Effect of dehydrogenation depth on cyclic hydrogen desorption properties of V40Ti25.5Cr26.5Fe8 alloy

Abstract

The cyclic stability of hydrogen absorption and desorption is an important indicator of hydrogen storage alloy. The decay mechanism was roundly investigated by controlling the depth of dehydrogenation (DOD) of the V40Ti25.5Cr26.5Fe8 alloy during the process of hydrogen ab/desorption cycles. The V40Ti25.5Cr26.5Fe8 alloy exhibits the hydrogen desorption capacity of 2.36 wt% at 323 K in the first cycle. After 30 cycles, the decay rate of the hydrogen desorption capacity is only 4.37 % at 40 % DOD, but rises to 8.74 % at 100 % DOD. The hydrogen desorption capacity (C), plateau pressure (P) and micro-strains (S) all show an “acceleration followed by slowing” exponential variation trend with the increase of cycle number (x). Additionally, any two of C, P and S show linear correlation.

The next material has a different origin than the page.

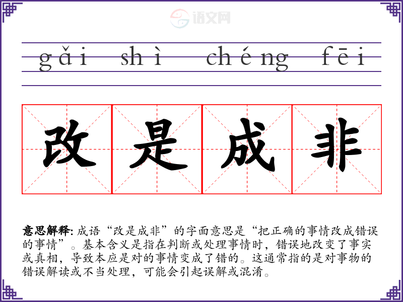 成语“改是成非”的字面意思是“把正确的事情改成错误的事情”。基本含义是指在判断或处理事情时,错误地改变了事实或真相,导致本应是对的事情变成了错的。这通常指的是对事物的错误解读或不当处理,可能会引起误解或混淆。

It is considered that the micro-strains in the crystal lattice is the main factor for the decay of the hydrogen desorption capacity and the plateau pressure. On the premise of ensuring the valid hydrogen storage capacity to meet the requirements of the application, properly reducing DOD per cycle can effectively reduce the micro-strains accumulation and cell volume expansion, thus improving the cyclic stability of the alloy. Moreover, the application of this alloy in a fuel cell bicycle was investigated, and the total range and mileage per unit weight of the alloy are up to 100.8 km and 15.7 km/kg, respectively. Compared with the lead-acid battery, lithium-ion battery and LaNi5-based hydrogen fuel cell, the V-Ti-Cr-Fe-based fuel cell shows significant advantages.